Ценой собственной жизни спасают бриллиант от грабителей. Главный дар был открыт мне – дар дороги, которую нужно преодолеть, чтобы настал праздник. Чтобы судить о твоем благородстве, я должен знать, что ты празднуешь и что твой праздник говорит сердцу, ибо каждый праздник – веха на твоем пути, преодоленный порог, оставленный позади кокон; он то, откуда ты идешь, и то, куда ты пришел. Только так я могу узнать, что ты за человек и стоит ли тратить усилия на благоденствие твоего живота, преуспеяние, преумножение и здоровье.
Но для того, чтобы направить тебя вот по этой дороге, а не по другой, нужно, чтобы ты возжаждал вот этого, а не иного; твоя жажда и будет залогом твоего роста, она облагородит тебя, направит твои шаги, пробудит творческий дух. Достаточно страсти к морю, чтобы облагородить тебя и дождаться от тебя кораблей. Я должен знать, чего заставляешь ты жаждать жителей своего царства.

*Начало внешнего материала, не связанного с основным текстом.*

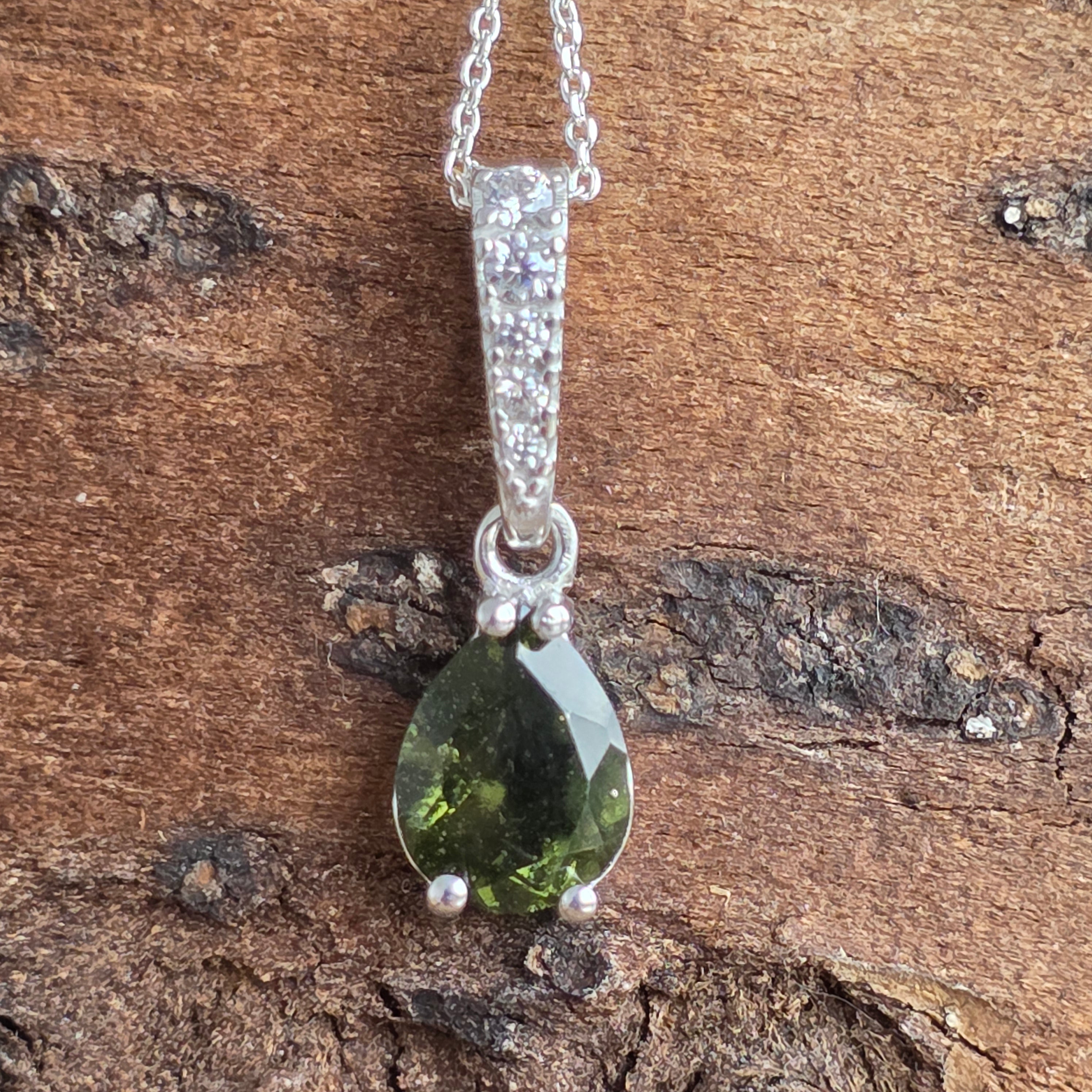 Pandantyczne materiały: Mołdawit, cyrkonia sześcienne, srebro

Ибо любовь – это жажда любви, благородство – стремление к благородству, радость от черной жемчужины – надежда, что однажды и ты добудешь ее из морских глубин.
CCXVII
Нет, не думай, что целое – это сумма отдельных частей. «От этих нам ждать нечего, – сказал ты, придя ко мне. – Они грубы, жадны, себялюбивы, подлы и вдобавок трусы». Ты и о камнях мог бы сказать мне, что они грубы, шероховаты, недвижимы, непробиваемы, а между тем именно из них творят нечто совершенно иное: статую или храм. Я убеждался не однажды, что целое ни в чем не подобно составляющим его частям. Поговори с каждым в любом из соседних племен и убедишься: каждый в отдельности ненавидит войну, не хочет отлучаться от семейного очага, любит жену, детей и домашние праздники, не желает проливать кровь, ибо добр, кормит свою собаку, гладит осла, не терпит воровства, занят собственным домом, до блеска полирует пол, красит стены, ухаживает за своим садом. Послушав его, ты скажешь: «Мирно их царство, они живут любовью к миру…» Однако царство их похоже на котел, где, не утихая, кипят войны. И доброта, нежность, жалость к животным, восхищение цветами, присущие каждому из жителей, – необходимые компоненты колдовства, ведущего к скрежету клинков в точности так же, как снег, елка и горячий воск наколдовывают взволнованное биение твоего сердца, но и там, и здесь добыча ничуть не похожа на ловушку.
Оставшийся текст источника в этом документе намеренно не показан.